Revisiting 2024 AP Calculus AB FRQ #1 (Part D)

If I said "increasing function or decreasing function, " no one would have an issue with agreeing that you should determine if the first derivative of the function is positive or negative. Replace the word "function" with "rate" and you still do the same thing - if the first derivative of the rate (aka C" in this problem) is positive, then the rate is increasing; if the first derivative of the rate is negative, then the rate is decreasing. C"(t) > 0 so C'(t) is increasing so the temperature of the coffee is changing at an increasing rate.

You can also look at it this way - Increasing rate means that every answer for the rate on the given interval is greater than the proceding answer so the graph will go "up" from left to right. When you graph C'(t) on the interval from 12<t<20, you will clearly see the graph of C'(t) goes up therefore C'(t) is increasing which means C'(t) is an increasing function which means the temperature of the coffee is changing at an increasing rate.

Ultimately, I agree the wording is a little tricky but you have to focus on what it means for a particular function to be increasing or decreasing.

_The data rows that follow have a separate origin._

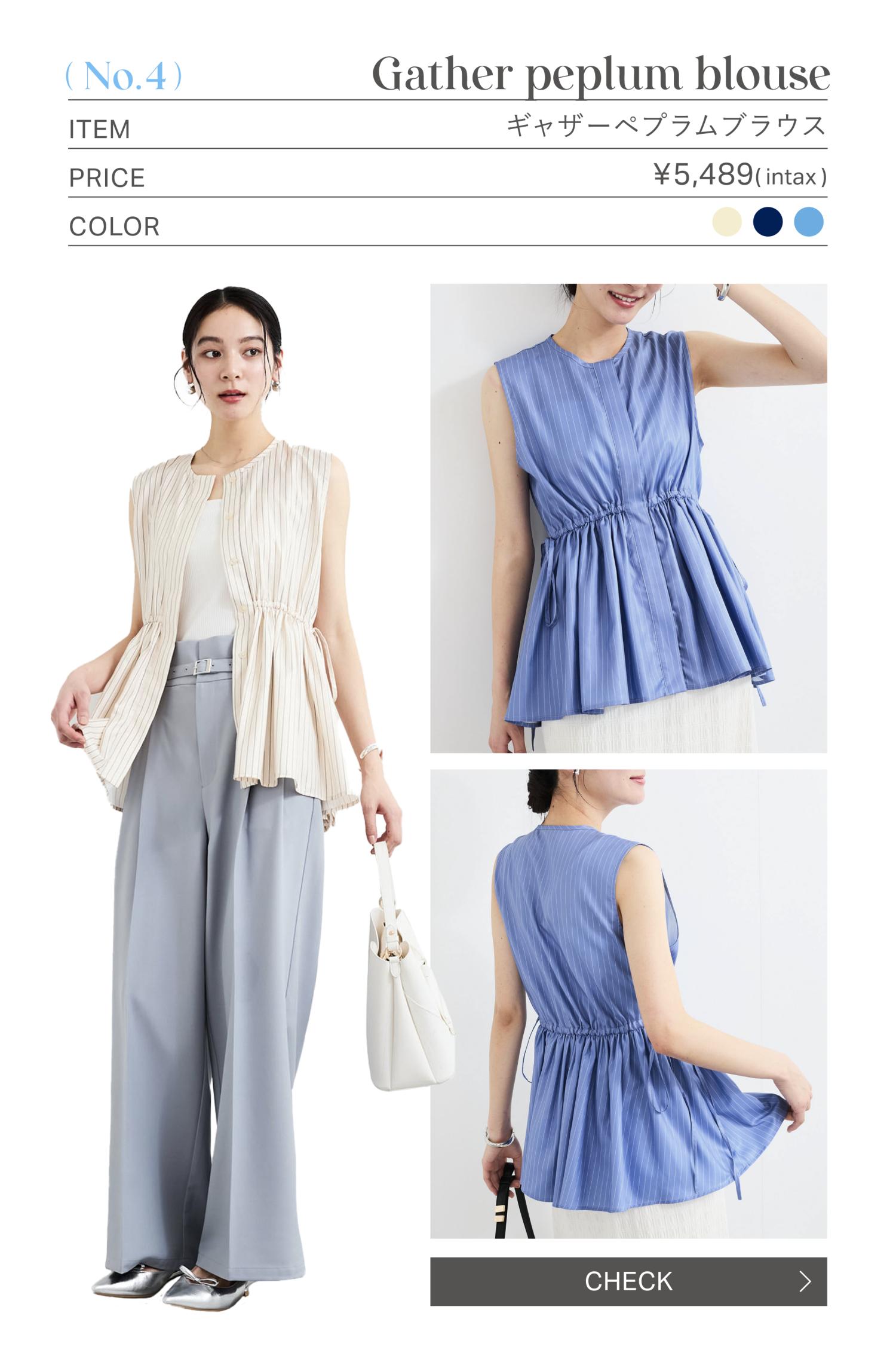 ペプラムシルエットは高めの位置から切り替わることで目線を上げ、スタイルアップ&気になるお腹や腰周りをさりげなくカバー◎。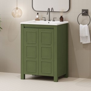 Product Name: Okak 24" Retro Bathroom Vanity with Sink Solid Wood Frame, Freestanding Bathroom Painted Finish Storage Cabinet with Soft Closing Doors, Olive Green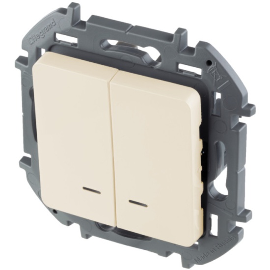Выключатель двухклавишный с подсветкой Legrand 673631 Inspiria с/у слоновая кость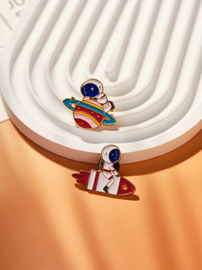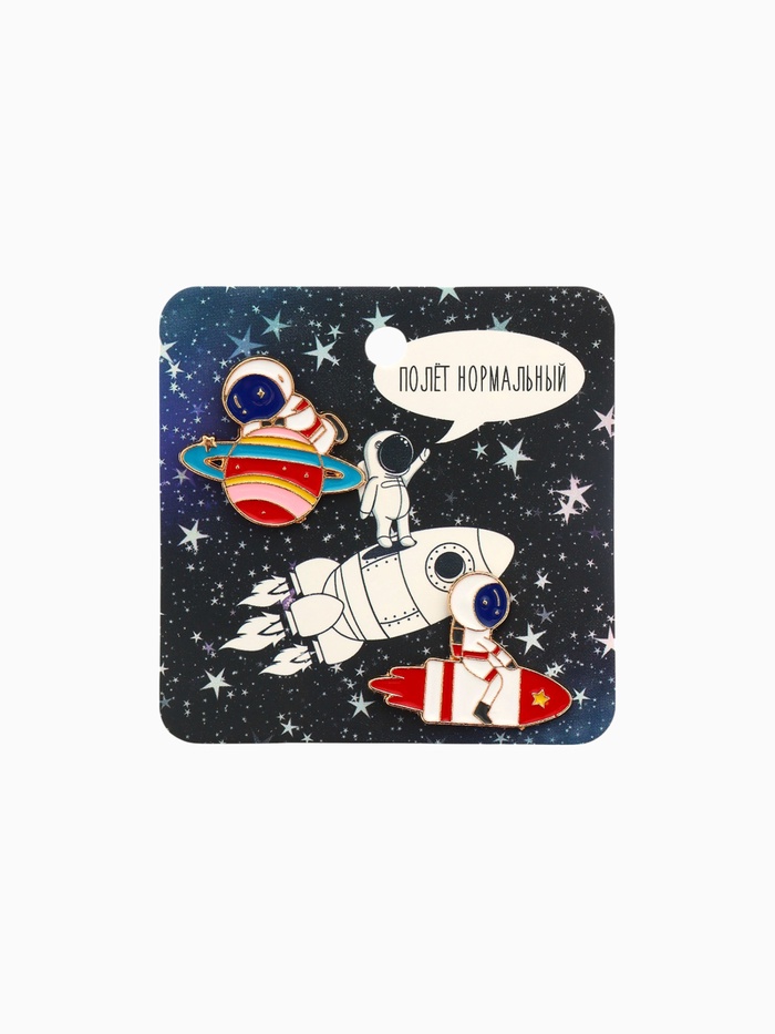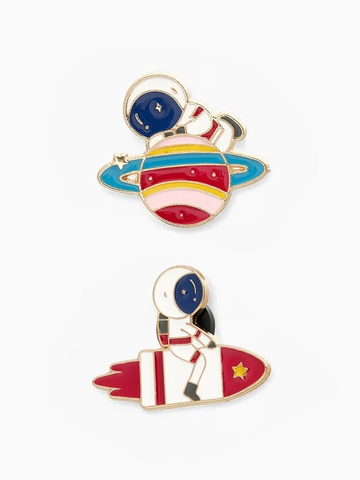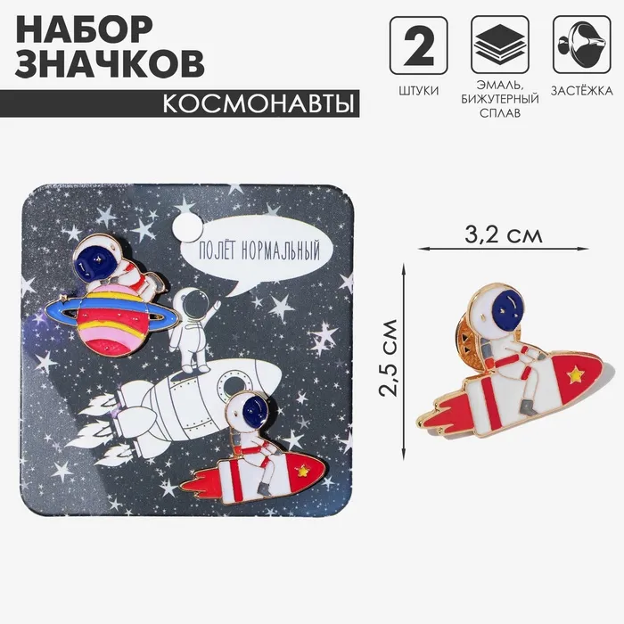 Набор значков (2 шт.) «Космонавты», цветной в золоте — Характеристики

Thank you for all the videos with your work as well as the explainations.

patrickfinn

In my eyes, the coffee’s temperature is decreasing because c’(t) is negative and c’’(t) is positive on the interval. So the graph of c(t) will be going down but it is concave up, meaning the slope is down, but it is getting less negative. So I believe the answer is that the temperature is decreasing at a decreasing rate

snalchbalfus

When I see the words, "The temperature of the coffee is changing", to me that means that either the temperature is increasing OR decreasing, doesn't matter which. So I interpret this as the "speed" in your physics scenario, not the "velocity". Since the second derivative is positive and the first derivative is negative, that means the rate of change of the temperature is approaching 0. Therefore I don't really think it would make sense to say "The temperature of the coffee is changing at a increasing rate", when the rate is literally approaching zero and getting slower and slower. If the temperature really was "changing at an increasing rate", then as time goes on you should expect to see larger changes in the temperature over the same time interval, which isn't happening in this case as instead, those changes in temperature are getting smaller and smaller. TBH though, I think we can all agree that this problem is just terribly worded and I hope collegeboard will give points for presenting either case.

rospore

Solutions are out and I still don't agree with it.

SM-ghcy

When you graph C"(t), it is positive for 12<t<20, so wouldn't that just mean that C is going at an increasing rate? (positive 2nd derivative means concave up, which means the rate is increasing)

myusername